# OOB Review - IT! THE TERROR from BEYOND SPACE - Resin Club



## gomontoya (Apr 3, 2004)

*IT! THE TERROR from BEYOND SPACE
Sculptor: Joe Laudati
Maker: Resin Club
Casting: Mike Evans (Alchemy Works)
Material: All parts are solid resin
Scale: 1/8 to 1/9. 1/8 would put IT! at 6 ft 2" tall. 1/9 would make him virtually 7 ft tall. I'm calling it 1/9  
Overall Size: H 11" x W 7" x D 5 1/2". IT! is about 9 1/4" tall head to foot, add the base makes the kit 10" tall, add the raised left arm = just under 11".
Parts: Head, left arm, right arm, body including legs, base, crashed space ship, a "gaseous ion collector for atmospheric analysis on alien planets".
Inclusions: The box art is a colour photo copy of Joe Laudati's photoshop image.
What else do I need: Nothing
Price: Talk to John
Website: None - but here is the original post http://www.hobbytalk.com/bbs1/showthread.php?t=317836
Contact: Talk to John*

My Mum and Dad didn't get to see IT! The Terror from Beyond Space in 1958, because they were busy looking after their first born.....me! 53 years later, I think the movie is holding up OK (maybe better than me). If you've seen the movie and enjoy it, you know that it is a bit of good fun! Don't worry that almost every room in the space ship is bigger than the media room on Earth. (Check out how close the guy is to the wall/windows behind him when he sits down at his desk. He crushes the venetian blinds behind him  It doesn't bother me that they attempt to kill IT! by using over a dozen hand grenades on a spaceship. I'm not even surprised that they then try handguns and rifles later in the film, but I do wonder whether they remembered the effectiveness of the grenades?
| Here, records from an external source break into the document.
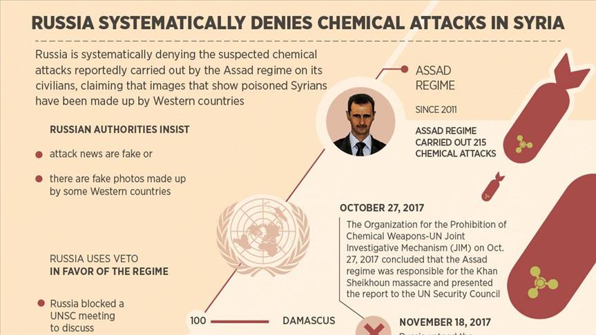 Russia is systematically denying the suspected chemical attacks reportedly carried out by the Bashar al-Assad regime on its civilians, claiming that images that show poisoned Syrians have been made up by Western countries.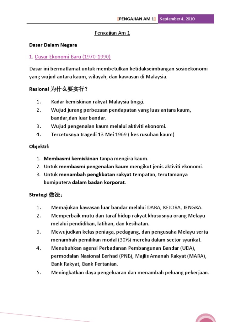 Pengajian Am Penggal 2 Dasar Ekonomi Baru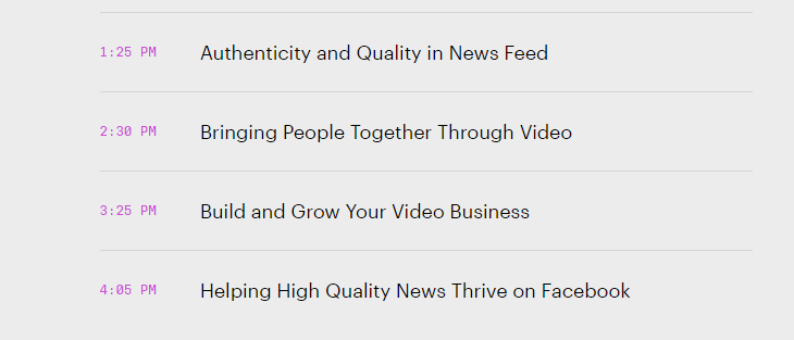 今年有四个主题演讲以「视频和新闻」为主题,其中谈到的内容包含视频和新闻在 Facebook 产品中扮演的角色,以及视频和新闻在未来的商业化路径。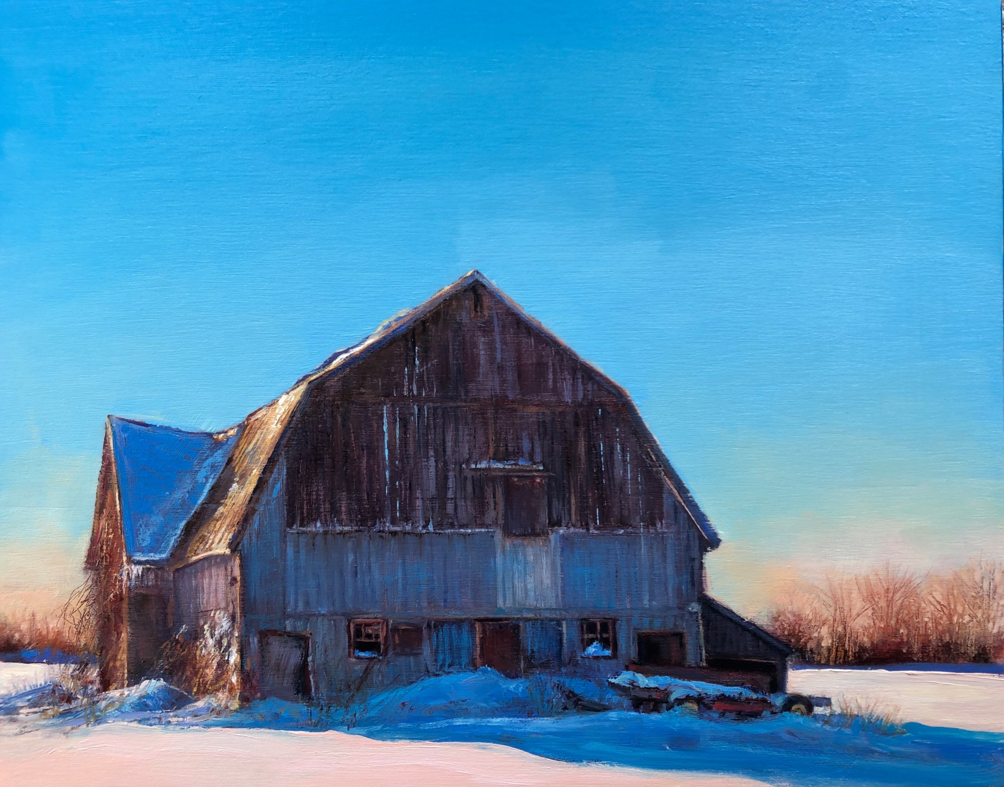 My husband and I love to drive the country roads near where we live which is where I find my photogenic subjects. Golden hour and blue hour in winter yield magnificent reflections of colour on the surface of snow. In this painting I was drawn to the light in both the warm and the cool use.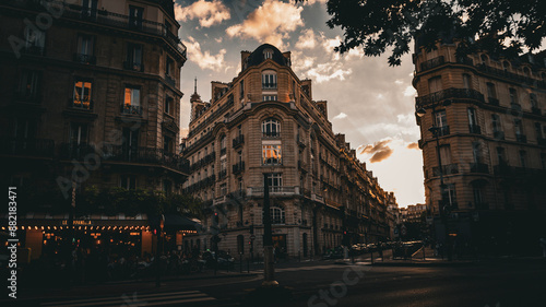 Sunset on the Streets of Paris - The warm glow of the setting sun bathing Parisian facades.

The writer of the original story Jerome Bixby, said he really admired the film The Thing From Another World (1951). So rather than a story about people and a monster trapped in the Arctic, we have a story about a people and a monster trapped on a spaceship. Sound a bit like Alien? In his book "Keep Watching the Skies", Bill Warren isn't a believer in that theory. If you don't believe me, grab a copy of his book and have a read. It is definitely worth the money.

This is a poster, not the box art.









Grenades didn't work, maybe this will?














*OVERALL*
Joe Laudati must love the old B-Movie monsters and he is currently on a roll with IT! and the just announced Hideous Sun Demon. Joe's sculpting gives just enough of the feel of the guy in the rubber suit, which I think is very special. Whilst looking at the kit I noticed how the scale pattern down the left leg lifts away from the leg at one point (very slightly). If you watch the start of the movie when you see the feet shuffle across the screen, the scale pattern lifts away from the leg (exactly the same) where the suit bends!!! Anyway, it is a great sculpt and a great casting. There are a couple of minor seam lines, but you need to look for them to find them. I'm not sure if the lower right leg was going to be a separate part or not, but there is also a small line around the back of the knee area on mine.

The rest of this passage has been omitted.